EXERCISE REQUIREMENTS:
Please output the lines from the one with "Call our Jaffrey, NH" through the end of the data exactly as written, omitting all pictures.

RECORDS PROVIDED:
+++

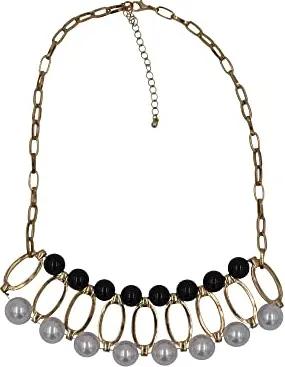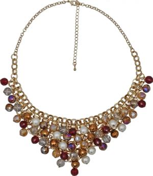 Modeschmuck Collierkette Metall gold farben Perlen Zierde topaz/rot/weiß/braun
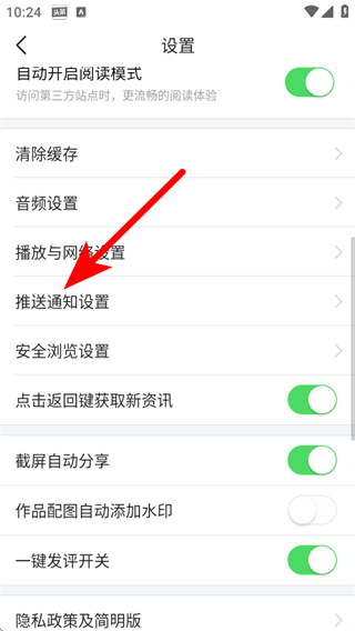 3、在设置页面,点击推送通知设置,进入推送通知设置页面。
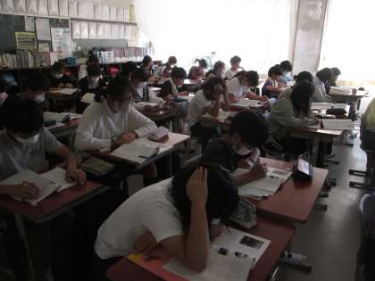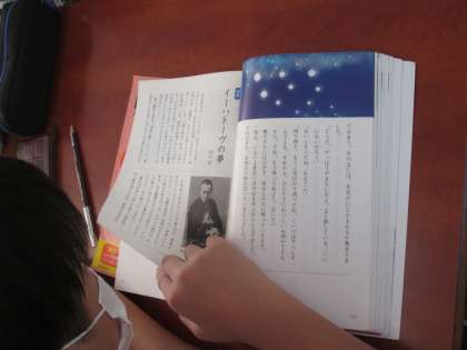 6年の国語は「やまなし」。宮沢賢治の世界です。今日は宮沢賢治ってどんな人かを学んでいました。
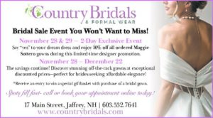 Call our Jaffrey, NH bridal shop: 603-532-7641
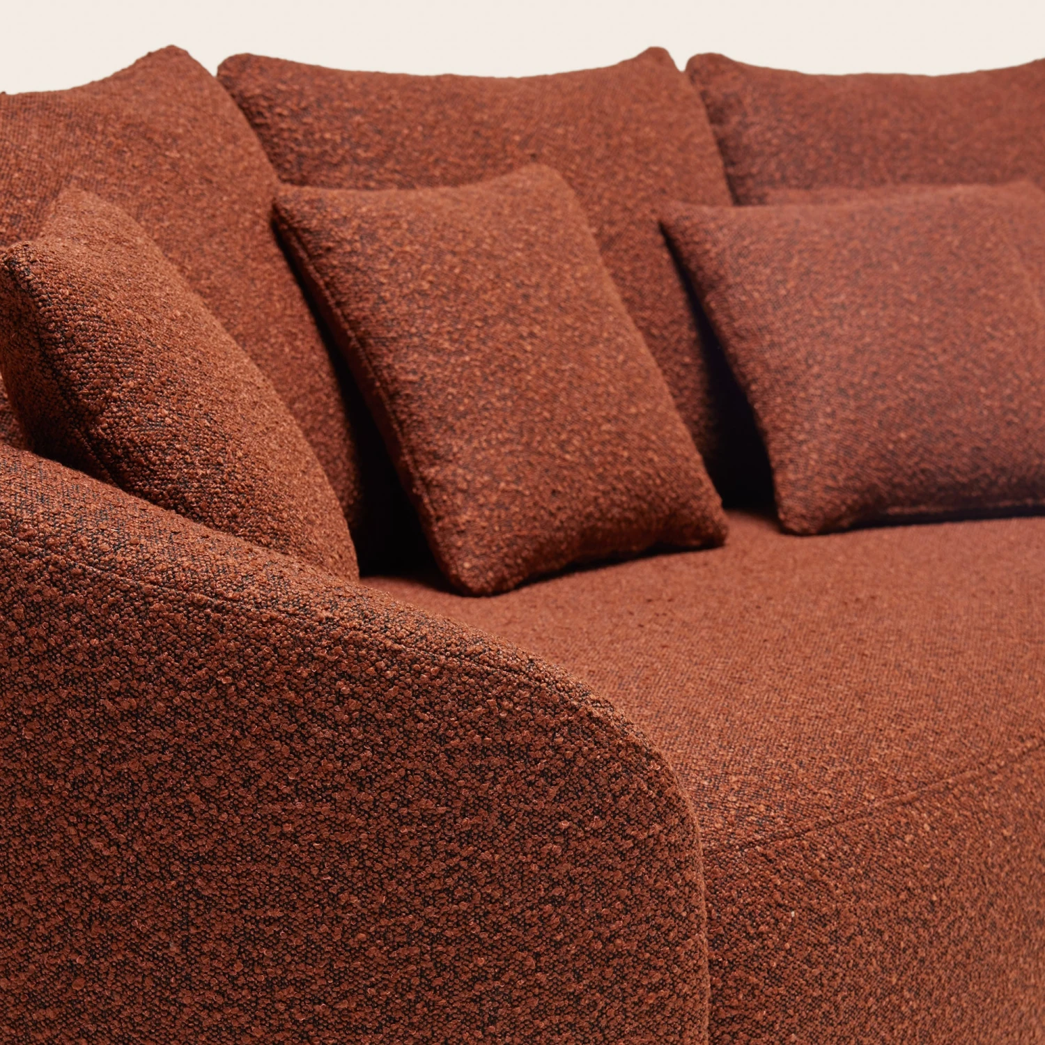 Courbes enveloppantes et réconfortantes, bouclette à la douceur indéniable, le canapé 3 places Julika s’impose comme l’un des véritables coups de cœur de notre collection. Il se réinvente en orange brique pour la nouvelle saison.

+++

COMPLETED TASK:
 Call our Jaffrey, NH bridal shop: 603-532-7641
 Courbes enveloppantes et réconfortantes, bouclette à la douceur indéniable, le canapé 3 places Julika s’impose comme l’un des véritables coups de cœur de notre collection. Il se réinvente en orange brique pour la nouvelle saison.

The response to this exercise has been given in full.